My companion did not find any humor in the situation at all. What he saw was that I had an obvious moment to "teach the gospel" but I didn't take it. To him I was supposed to say, "NO, WE MORMONS DON'T DO THAT." And what that was supposed to really accomplish is anyone's guess. But missionaries are so brainwashed with magical thinking that it's is completely plausible that my companion had this reaction because he thought that if I had gotten on some self righteous high horse and told him that we were better than masturbating that this doctor might think to himself. "Oh my god! I've touched myself most of my life, and it's so not as sweet as if the Holy Ghost were to come inside of my soul while Jesus touches me. Please, Elder Raptor Jesus, teach me how to be truly happy that doesn't involve the crushing guilt that I wasn't raised with concerning masturbation, that is considered completely normal to everyone except for religious nutjobs. Please convert me to your religion that knows so little about what's actually normal and healthy but brands those things as evil and sinful. That uses fear and ignorance instead of actual facts. Please, Raptor, I don't even feel bad about this practice so Satan must have bound and gagged my soul and forgotten to give it a safe word."
Whatever. The important thing is that I didn't have Super Chlamydia, but what I DID have was still up in the air. More tests were needed.

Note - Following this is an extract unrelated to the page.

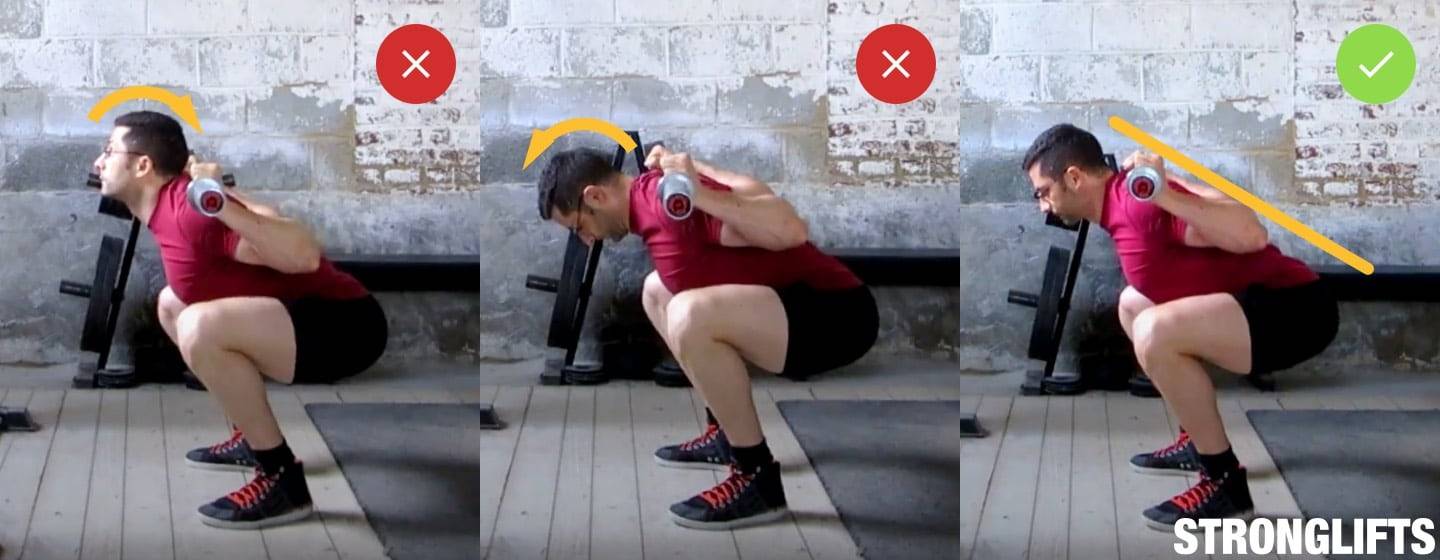 В нижней точке движения необходимо поддерживать позвоночник в идеально прямом положении — для этого взгляд должен быть направлен в точку на полу примерно в одном метре от вас. Избегайте соблазна крутить головой в попытках контролировать правильность выполнения упражнения в зеркале — это может спровоцировать боли в шее.
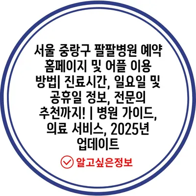 서울 중랑구 팔팔병원 예약 홈페이지 및 어플 이용 방법| 진료시간, 일요일 및 공휴일 정보, 전연락 추천까지! | 병원 설명서, 의료 서비스, 2025년 업데이트 에 대해 자주 묻는 질문 TOP 5

I was given a drug in my IV that I still to this day don't know what it was. It definitely was not a full blown anesthetic. It was probably ether. I was totally high, but not "under" and in Germany this is a great time for a gastroscopy, but I don't know that word. I am only given something in my IV without words. Like I mentioned, I was high but awake. I had no idea what in the fuck was going on but I remember the feeling of movement as they carted me down to another room. The bright lights in my eyes.
People in masks
Open your mouth
Bite down on this
What the fuck is that
Masks Movement Lights
Talking. I don't understand
I feel something swimming in my stomach
Movement inside of me and out
I move my head
Gagging and Choking
I move my head
Stop doing that
Something is holding my head
Gagging and choking
My jaw hurts
Is that my jaw
I throw up a fifteen foot metal snake
Is that real
I can't close my mouth
Movement back to my room
What the fuck happened
I slept and still can't remember if it was the next day that I woke up, or the same day. I still was not sure exactly what happened, but I remember that there was a very good chance that I had been impregnated with a Xenomorph that would burst from my chest over a nice spaghetti dinner. The whole hospital was fucked too, because I really didn't think any of them was capable of rigging a flame thrower before it had killed all of them.